- Official name: Bhavani Kattalai Hydroelectric Power Generation Project
- Coordinates: 11°23′02.2″N 77°42′44.5″E﻿ / ﻿11.383944°N 77.712361°E
- Purpose: Power
- Status: Operational
- Opening date: 1988
- Owner: Government of Tamil Nadu

Dam and spillways
- Type of dam: Barrage
- Impounds: Cauvery River

Power Station
- Commission date: 2013
- Turbines: 3 x 30 MW
- Installed capacity: 90 MW

= Bhavani Kattalai Hydroelectric Project =

Bhavani Kattalai Hydroelectric Project is a hydropower generation project in the South Indian state of Tamil Nadu. It is a 90MW power generation project constructed across the Kaveri River. The project area is in the downstream of Lower Mettur Hydroelectric Project. This project consists of three power plants which are located between Bhavani and Pasur, Erode. This hydropower generation project is owned by Government of Tamil Nadu and operated by Tamil Nadu Green Energy Corporation Limited.

==Power Plants==
This power generation project consists of three power plants totaling to a generating capacity of 90MW. This project uses three Barrage type Dams constructed along the River Kaveri from which it gets the required water current.

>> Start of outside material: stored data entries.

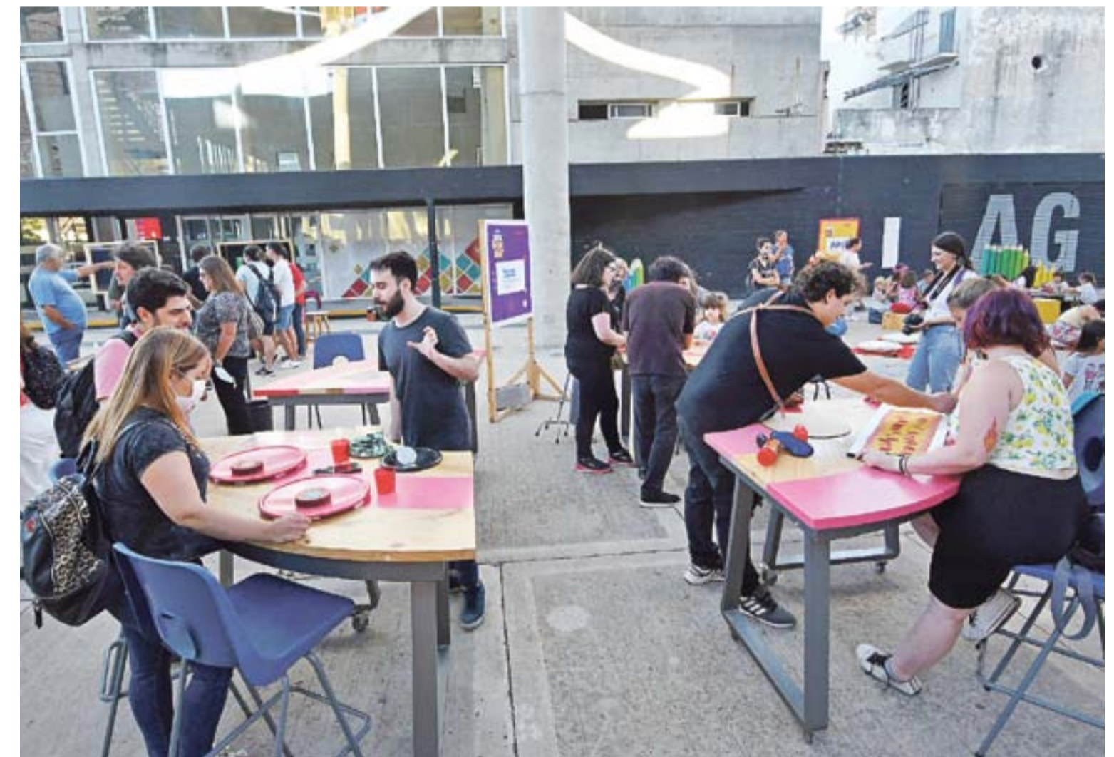
El péndulo y las bolas, “calibradas” con precisión en la longitud de cada una de ellas.
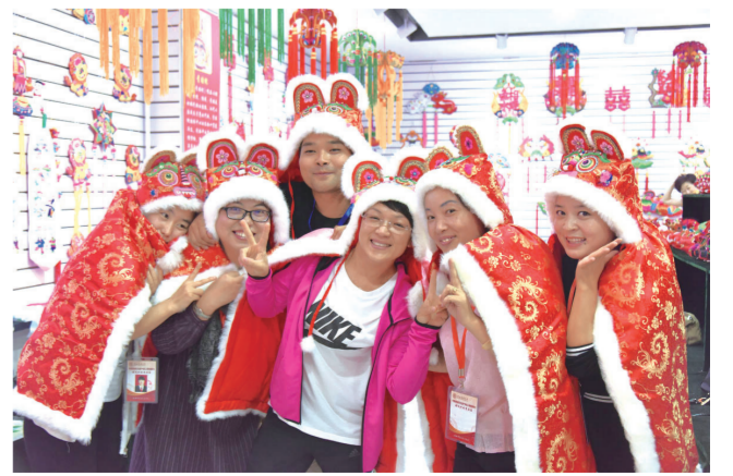
第二期(刺绣)培训班学员在千阳县某绣品店体验儿时乐趣。

陕师大文学院院长、“长江学者”张新科表示,学院将充分利用非遗传承人研培计划的资源优势,凝练学院的人才培养特色,在学院成立面向学生的非遗项目传习所,设立传承项目实践工作坊,围绕传承项目开展国内外交流和科学研究,辐射和带动周边中小学和社区开展非遗普及教育活动,进一步弘扬中华优秀传统文化。
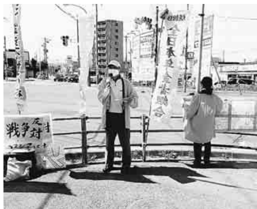
年金減額に怒り、署名は広がる—北海道

年金削減の合理性は、他に方策はなかったのかなど、審理を尽くすのは裁判所の責務です。
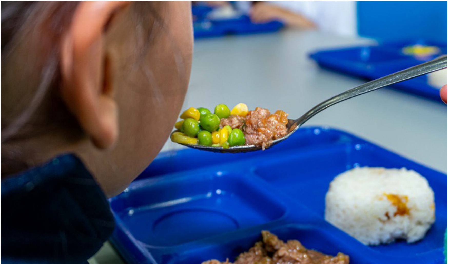
Instamos a todas las autoridades responsables a trabajar mancomunadamente para seguir dando contundentes golpes a estas mafias.

Está en juego la salud de niños y niñas, por ello debe castigarse a los corruptos
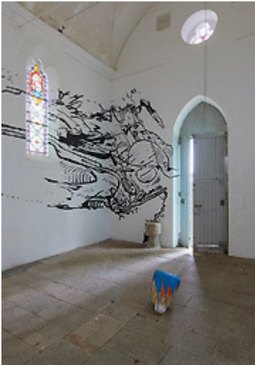
© Baptiste Roux, Trait de coupe au sein des Saints , chapelle Saint-Jean, Le Sourn, L'art dans les chapelles , 2012, © S. Cuisset

20 artistes contemporains / 26 sites patrimoniaux / 4 circuits
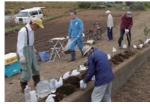
ごみ拾い後、花を植える参加者

参加者は、土手のごみを拾った後、川沿いの約100mにわたり花や球根の植え付け作業を行い、川沿いはとても綺麗に整備されていました。
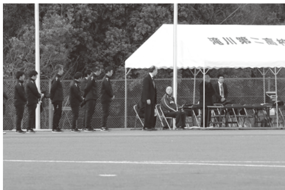
完成披露式典の様子
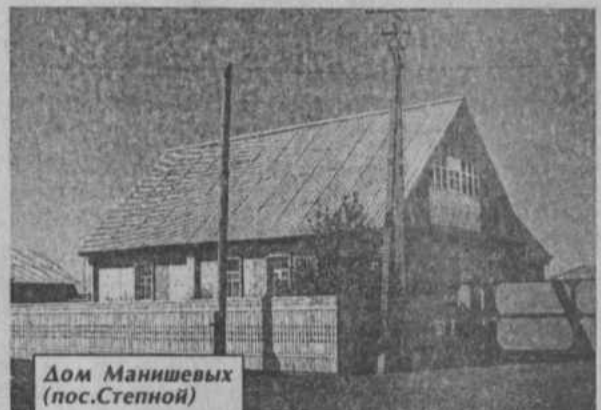
Дом Манишевых (пос.Степной)

тельную работу среди односельчан, и сами личным примером в хорошем состоянии содержат свои дома. Особо
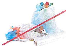
NO Loose Plastic Bags, Bagged Recyclables or Film Empty recyclables directly into your bin. NO bolsas y envolturas de plástico sueltas, o materiales reciclables embolsados Vací directamente los materiales reciclables en nuestro carrito
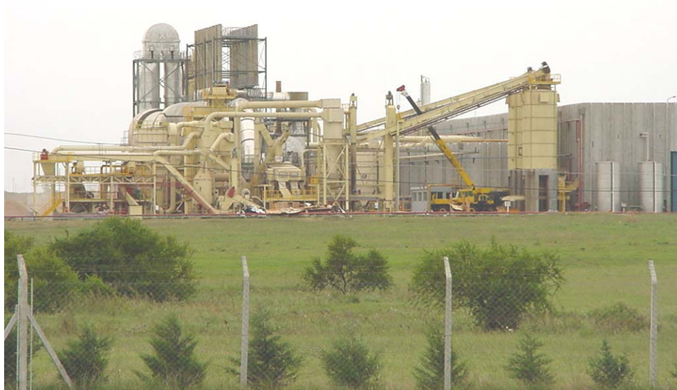
Ciclones Filtros y Conductos de Transporte Neumático Industria Maderera – Fabrica de Tableros Aglomerados y MDF
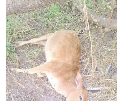
వ్యాధి నిర్ధారణ లేక, చికిత్స లేని పరిస్థితి
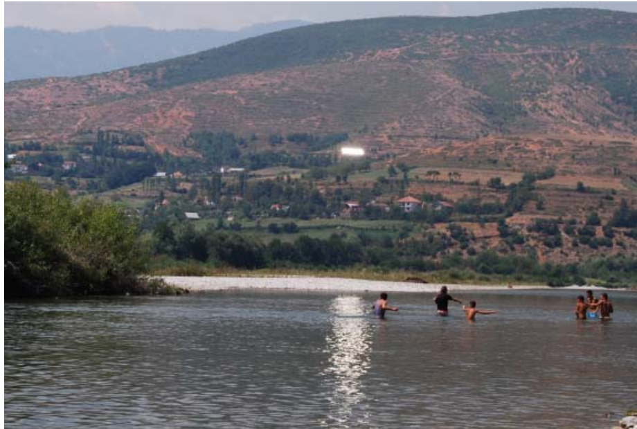
Drini i Zi

A duhet të kalojë linja e re e gazit dhe e naftës nëpër Vlorë drejt Italisë kur distanca tokësore midis këtyre dy pikave është më e shkurtra ? A duhet që Vlorës si alternativë të vetme t'i jepet që energjinë elektrike ta prodhojë në bregde-
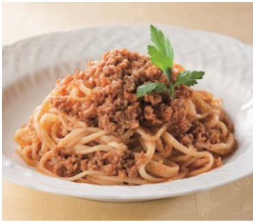
◆銀座「アロマフレスカ」 四元豚の特製ミートソース生パスタセット 5,250円(税込) 素材を生かした料理で魅了する、予約の 取りにくいレストランの味をご家庭で。 http://www.dinos.co.jp/p/1280301332/

【販売商品一例】ホームパーティで大活躍まちがちなしの話の食品・キッチンアイテムが満載

- Power Plant-I : Bhavani Kattalai Power Plant-I which consists of one powerhouse located between BP Agraharam in Erode district and Samayasangili in Namakkal district. A Barrage Dam has been constructed across Kaveri in this plant named as Samayasangili Barrage. This plant has a production capacity of 30MW using two turbines of 15MW each.
- Power Plant-II : Bhavani Kattalai Power Plant-II which consists of one powerhouse located between Vendipalayam in Erode district and Odapalli in Namakkal district. The Barrage Dam in this plant named as Vendipalayam Barrage. This plant with a production capacity of 30MW using two turbines of 15MW each has been commissioned in 2011.
- Power Plant-III : Bhavani Kattalai Power Plant-III which consists of one powerhouse located between Pasur in Erode district and Solasiramani in Namakkal district. Solasiramani Barrage plant has a production capacity of 30MW with two turbines each of 15MW capacity.